A closeted Antwerp man’s juggling of his tradition-minded Turkish family’s expectations and a best friend-turned-boyfriend propel “Mixed Kebab.” Belgian writer-helmer Guy Lee Thys’ film recalls “My Beautiful Laundrette” in its busy agenda of seriocomic culture-clashing issues, even if the authorial wit here isn’t quite as sharp. Risking over-contrivance at times, the whole is nonetheless crowd-pleasing stuff that stands to do particularly well at gay fests, where it should pick up steam toward healthy offshore home-format and possible limited theatrical sales.
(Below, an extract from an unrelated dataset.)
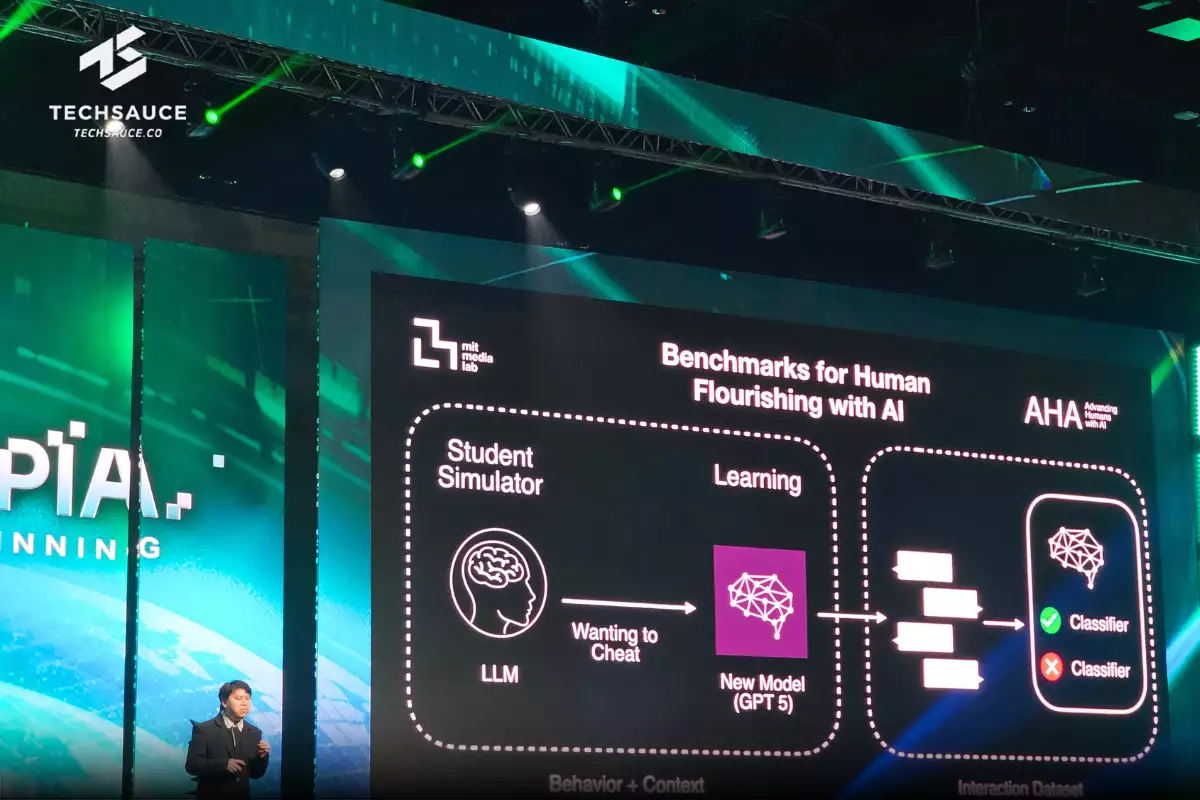 - เมื่อมนุษย์มีแฟนเป็น AI: เกิดอะไรขึ้นกับสุขภาพจิตของเราในระยะยาว? นี่คือคำถามที่นำไปสู่ความร่วมมือกับ OpenAI ในการทำการทดลองขนาดใหญ่ (Large-scale randomized control trial) เพื่อศึกษาผลกระทบของ AI ต่ออารมณ์และความรู้สึกของผู้คน โดยทดลองกับโมเดลหลายรูปแบบ ทั้งแบบที่ใช้เสียง, ข้อความ, หรือแม้กระทั่งโมเดลที่ถูกออกแบบให้มีพฤติกรรมส่งเสริมสังคม (Pro-social) และต่อต้านสังคม (Anti-social)

Starting things off a little too on-the-nose, the pic’s protag (Cem Akkanat) introduces himself via voiceover: “I’m Ibrahim, I’m Turkish. I’m Bram, I’m Belgian. I am a Muslim … and I’m gay.” Fortunately, things get less glib fast as we learn more about his world. He’s smitten with blond, blue-eyed Kevin (Simon Van Buyten), who works at a cafe run by his open-minded mother, Marina (Karlijn Sileghem). Though normally a slick pickup artist, Bram (who deals cocaine as a sideline to his job with an upscale caterer) is unsure of Kevin’s sexual leanings.
At home, however, Bram is Ibrahim, exemplary eldest son to emigre parents (Ergun Simsek, Tanja Cnaepkens) proud to have resisted liberal Western ways more firmly than many back home in Turkey. The thorn in their side is Ibrahim’s younger sib, Furkan (Lukas De Wolf), an angry teen who’s turning into a little thug, skipping school and committing robberies with equally rudderless pals. Wise to his brother’s hidden life, Furkan outs Ibrahim to take the heat off himself, but the family simply doesn’t believe him.
That leaves Bram free to invite Kevin along when he goes to Turkey — a trip intended to confirm his arranged-marriage plans with educated cousin Elif (Gamze Tazim), though that becomes a mere obligatory aside to the two men’s joyful consummation of mutual attraction. Their cavorting doesn’t go unnoticed, or unphotographed, by a hotel porter (Hakan Gurkan) whom not-so-chaste Elif has been fooling around with. Presented with evidence, she proves too hellbent on moving West to be swayed from Plan A. But those photos will wreak havoc yet.
Mix of comedy, romance, intrigue and religious/cultural tensions is smoothly handled for the most part, even if the pic’s increasing seriousness feels a little lopsided, particularly when a late instance of turnabout violence prompts all-around reconciliations a mite too conveniently. Nonetheless, “Mixed Kebab” enjoyably balances numerous themes and plot strands with brisk skill, presenting the gay relationship in an upfront manner without ever turning into a solely niche-aud-focused item. Ensemble cast, location choices, and tech/design contributions are all lively and spot-on.